Inscrite au patrimoine mondial de l’Humanité, l’estancia d’Alta Gracia date de 1643. Une estancia, propriété construite par l’ordre des Jésuites, regroupe généralement une église, une ferme et des lieux de vie pour les prêtres et les esclaves.
Transformée en un musée évoquant la vie que l’on y menait il y a quelques siècles, l’estancia d’Alta Gracia est ainsi le témoignage matériel et spirituel de la très forte présence jésuite dans la région. Si l’estancia nous rappelle qu’elle était un centre de progrès dont l’organisation et le développement avancé étaient dus à des investigations scientifiques et à l’étude pragmatique pour s’adapter au terroir, elle est aussi devenue, récemment seulement, un rappel de l’esclavage.
L’estancia était en effet un lieu où travaillaient des centaines d’esclaves africains qui produisaient tout ce dont avait besoin la Compagnie de Jésus. Environ 600 esclaves noirs travaillaient sur chaque estancia gérée seulement par 3 à 5 jésuites espagnols.

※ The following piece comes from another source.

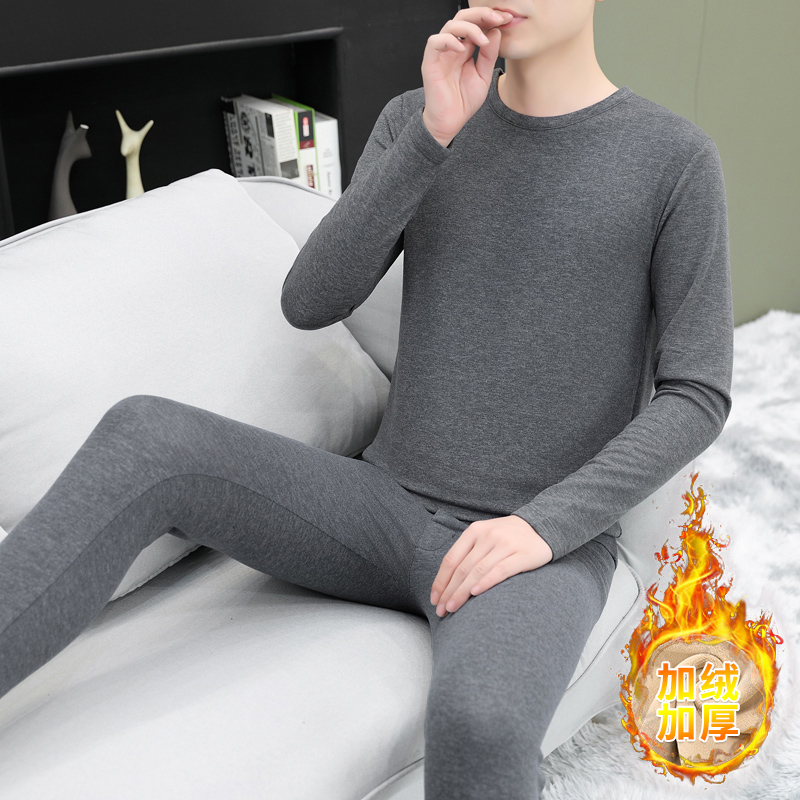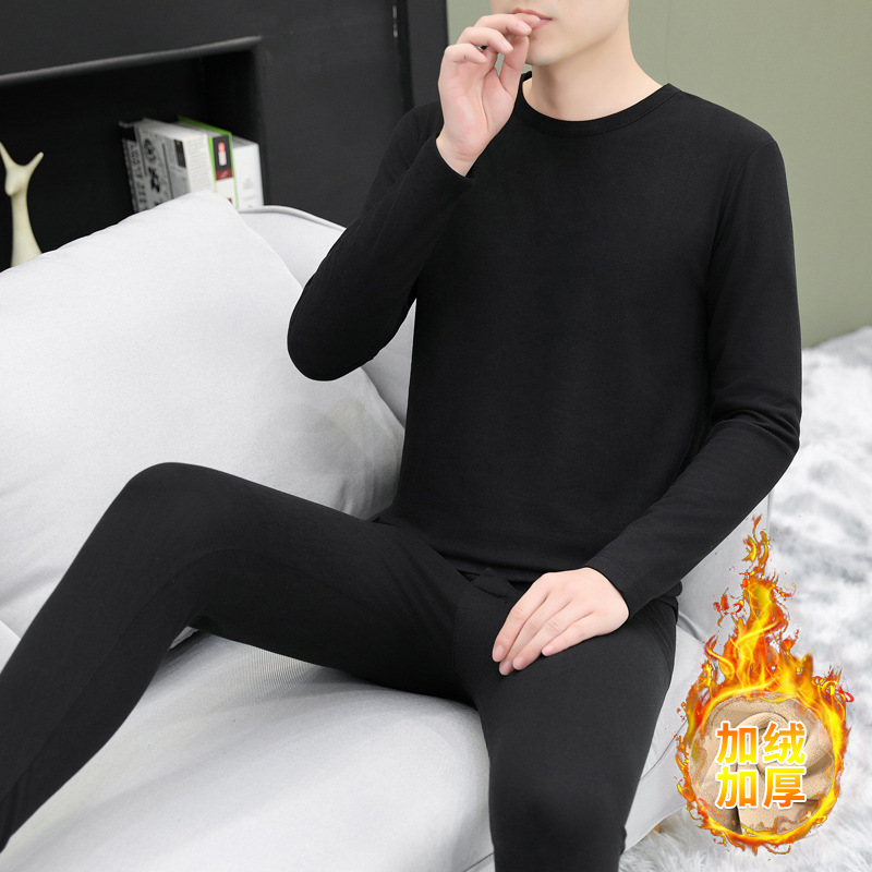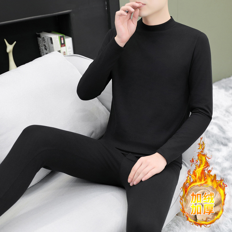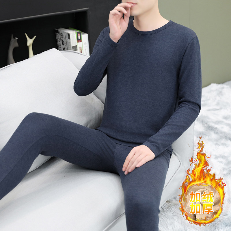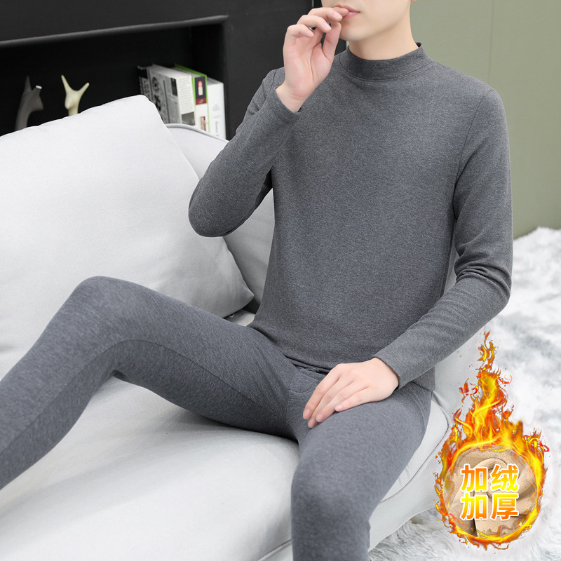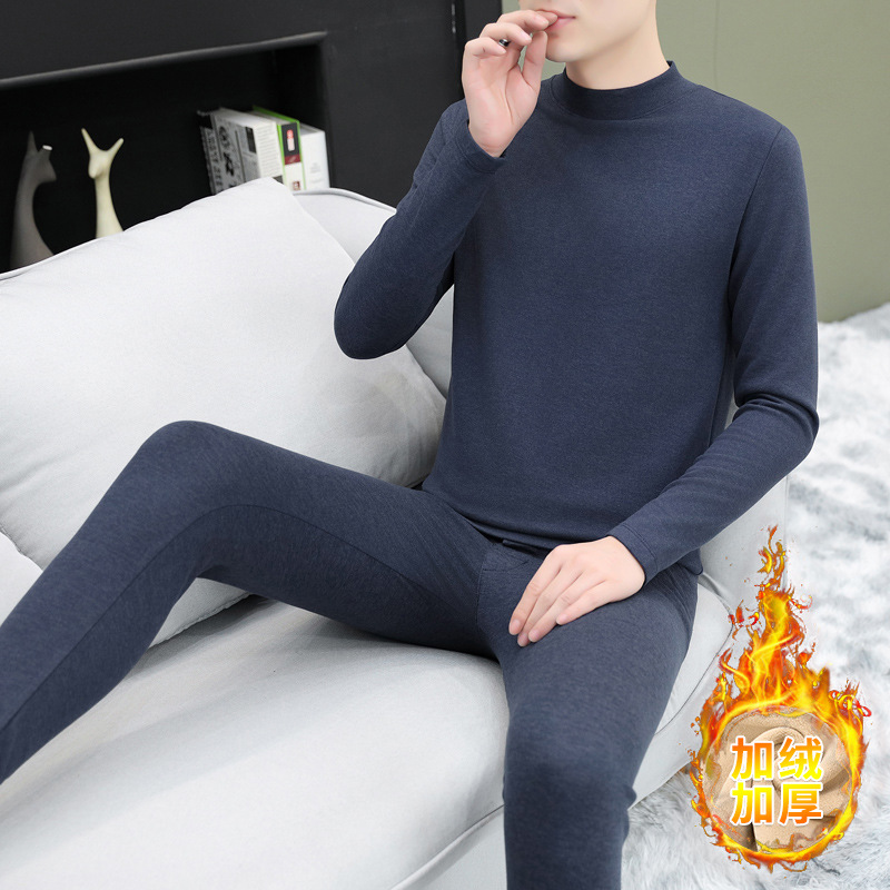 단색 미드 칼라 양모 뽕나무 실크 따뜻한 세트 남성 청소년 가을과 겨울 독일 벨벳 가을 옷 가을 바지 방한 세트스토어 가기
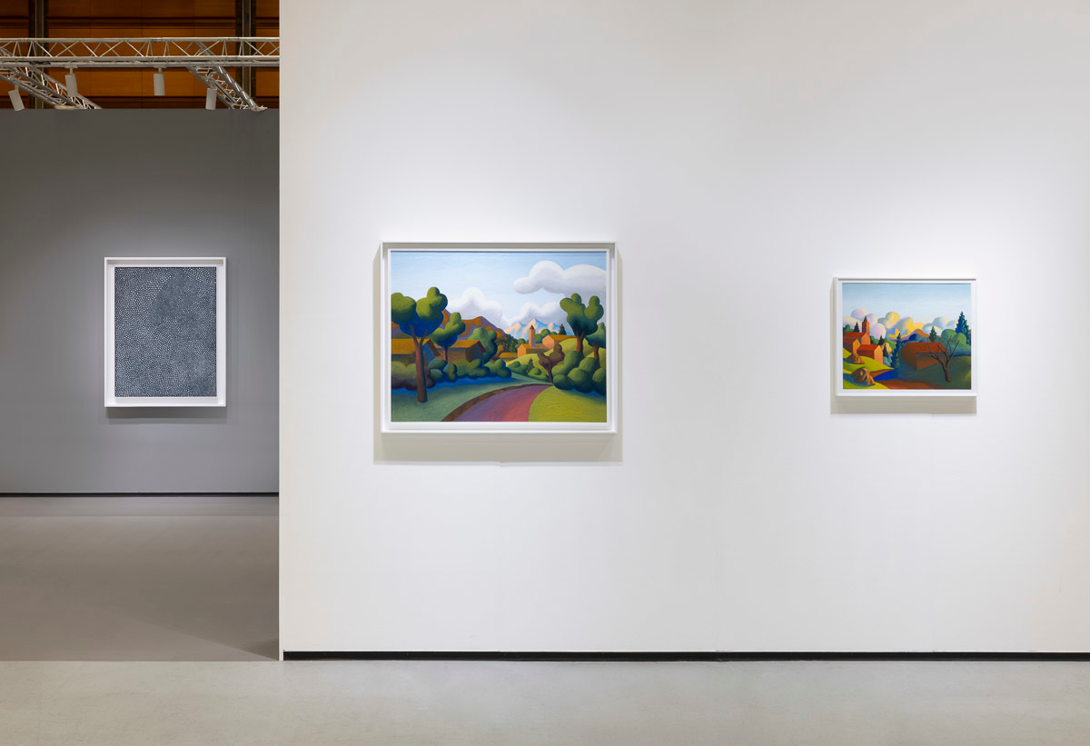 Gladstone Gallery returns to Frieze Seoul with a presentation comprising new, recent, and historic works by artists spanning the gallery’s dynamic roster. The installation’s centerpiece is a new large-scale, multi-color mountain lake landscape painting by Ugo Rondinone—his first in this monumental scale, coinciding with the opening of his solo exhibition at Gladstone’s Seoul location, in beauty bright, on view through October 18, 2025. Featuring 13 new multicolor lake paintings inspired by the landscape of Lake Lucerne, Switzerland where Rondinone spent his childhood, as well as the artist’s longstanding interest in the relationship between man and nature, in beauty bright debuts a new multi-color palette by Rondinone that has never before been exhibited.

Alors que les pays caraïbéens ont depuis longtemps fait un travail de mémoire sur leur passé intimement lié à l’esclavage, il a fallu attendre 2010 pour que des pays tels que l’Argentine, le Paraguay et l’Uruguay reconnaissent pleinement leur propre histoire esclavagiste. S’inscrivant dans le programme « Route de l’esclavage » de l’UNESCO initié en 1992, les trois pays voisins ont initié une série d’investigations et d’études en 2010 : « Sitios de Memoria y culturas vivas de los afrodescendientes en Argentina, Paraguay y Uruguay ». Elles révèlent, entre autres, que le fonctionnement des estancias jésuites se fondaient quasi exclusivement sur une main d’oeuvre constituée d’esclaves noirs.